Open your mind, Open your life!

A journey into my personal battle with breast cancer.

Monday, March 26, 2007

Cat Fight ... MEOW!

There seems to be a cat fight brewing on the message board of my online support group. Usually, everyone is very sweet and supportive ... people will chime in to answer questions or give words of encouragement ... basically, we lean on eachother. But as with any group, from time to time there are flare ups of emotions and people will express opinions that inadvertently (or not so inadvertently) hurt other people's feelings. I'm staying out of it.

To summarize, it all began with a post entitled "Sheryl Crow is pissing me off ... sorry, a vent." The author expressed her feelings with regard to Sheryl Crow's guest appearance on Larry King Live the other night to discuss (with several other guests) the recent news of Elizabeth Edwards' recurrence of cancer. Essentially, the poster felt it was inappropriate for Ms. Crow who "only had Stage 1" cancer (an early stage) to have any comment for a woman who is now dealing with an incurable Stage 4 cancer. She went on to state that it angers her that the media gives so much attention to Sheryl Crow as a spokesperson for breast cancer because "she gives women false hope that the bare minimum treatment is okay." The sentiment either was or was interpreted that because Ms. Crow had DCIS (ductal carcinoma in situ -- cancer which is confined to the milk ducts and has not spread), did not undergo chemotherapy, did not lose her hair or her breasts, and "only had a lumpectomy and radiation," she did not suffer as many others with breast cancer have.

This generated a flood of angry responses from other women in the support group who were also diagnosed at early stages or earlier than others. One comment went like this: "I cannot know the demons you have faced, but you don't know the demons that others have faced. To imply that one struggle with bc is more noble, honorable, important, difficult, or significant, belittles every other one. A 'stageist' thinks you haven't really suffered if you aren't at their stage or higher. I guess there will always be some women who feel that way. Some will voice it and some will keep mum about it. And others just aren't like that at all and freely care about the struggles of all survivors no matter how early or late their disease was discovered." Another commented, " I 'only' had a lumpectomy, radiation, and take tamoxifen, too. I still have to deal with the fear of recurrance every day, and no one is going to tell me I am less of a 'survivor' because I did not go through chemo or a reconstruction."

I think everyone is feeling rather on edge because Elizabeth Edwards reminds us that metastatic disease can happen to any one of us ... with absolutely no rhyme nor reason. We all have the same fear no matter the stage at which we may have initially been diagnosed. It's evident to me that even among the most supportive, cohesive groups ... like Breast Cancer Support groups ... lines are always being drawn ... consciously or unconsciously. Maybe it is human nature to do so? Part of our innate, fundamental darkness? Stage 0 vs. Stage 1 vs. Stage2 vs. Stage 3 vs. Stage 4 ... Mets to the lung beats Mets to the bone ... Mets to the liver beats Mets to the lung ... then, brain Mets trumps them all! The problem is when we start to assign "worthiness" to different sub-classes of this shared horrible experience. There's no such thing as having a little bit of cancer. It's like being a little pregnant!

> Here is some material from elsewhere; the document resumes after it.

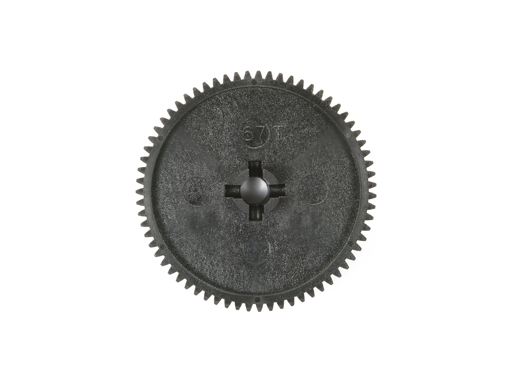 キット標準の70Tに比べ、ハイスピード仕様としたスパーギヤ。キット標準の19Tピニオンを使った場合、標準の9.58から9.17にギヤ比を高めることが可能。さらに別売の22Tピニオンを使えば7.92にすることもでき、コースにあわせたギヤ比のセッティング幅が広がります。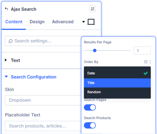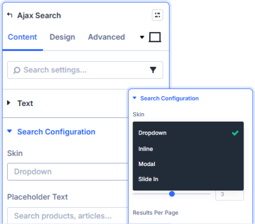 Three options — Fade In, Slide Down, or Scale Up — applied to the results container, with background color, border radius, and shadow depth styled from the Design tab.

Nevertheless, there is one woman in my group named Tammy Lou who always has just the right words, just the right quips, and just the right sense of humor. (Despite numerous failed attempts she has had at reconstructing her breasts -- reasons too complicated to explain here, she continues to maintain a positive and hopeful view of her circumstances.) Eventually, she mediated the entire argument and brought this cat fight to an end with the following response:

"We just met this past weekend and now I find myself wondering if you hate me because I didn't lose my hair like you did?" (quoting Michelle)

Yes, I hate you.

I hate you in the same way that I hate the "naturally skinny" women in the world who eat bowls and bowls of ice cream and never get fat.

In my imaginary mind, those women are not "real" people.

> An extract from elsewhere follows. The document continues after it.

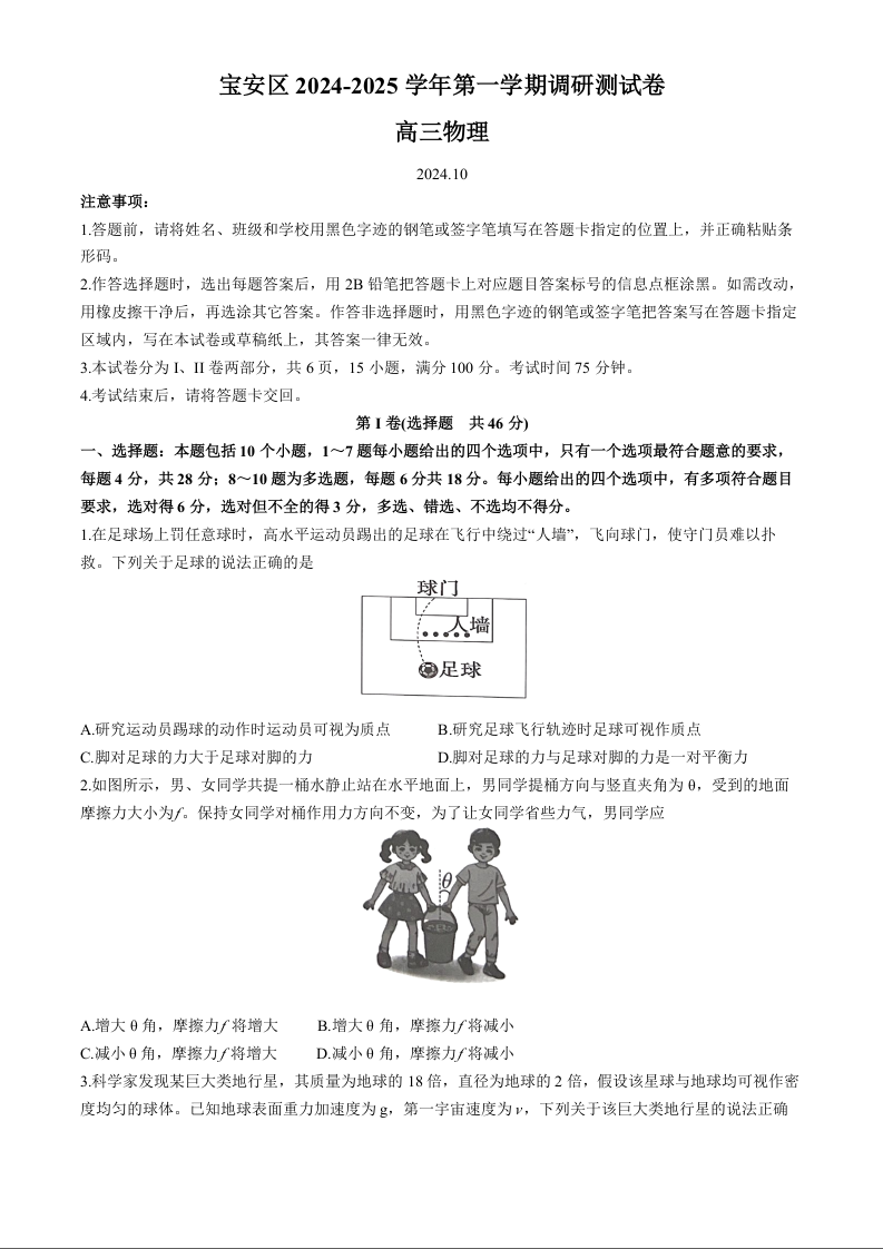 广东省深圳市宝安区2024-2025学年第一学期调研测试卷 物理

AND, I hate all of the women who had reconstruction and walked out of the O.R. with picture perfect breasts.

I do.

It's not a pretty thing.

It's grief and envy and all sorts of normal human emotions.

But, it isn't real.

And, I don't really hate them or you.

I'm just angry and upset and I say things that I don't really mean because it is easier than facing my own grief. Alone.

If I am "mad" at you for whatever reason, then I am not alone.

You are with me.

It is much easier that way...when I am not so alone.

Love,tl

P.S. A very wise woman once said, "Your mumps does not make my measles better."

Hypothetically.

1 Comments:

At 1:58 AM, Anonymous Anonymous said...

Ms Crow went through all this only weeks after her personal life totally crashed - her life as she knew it had just ended. She did not go through chemo or amputation, but there was the fear, pain and fatigue.
And the reason why she got asked for this program is because she's been so willing to speak out about the needs for funding and for early detection. If a few people get pissed off because their situation is much worse, maybe they should consider what the situation in general would be without people like Ms Crow speaking out.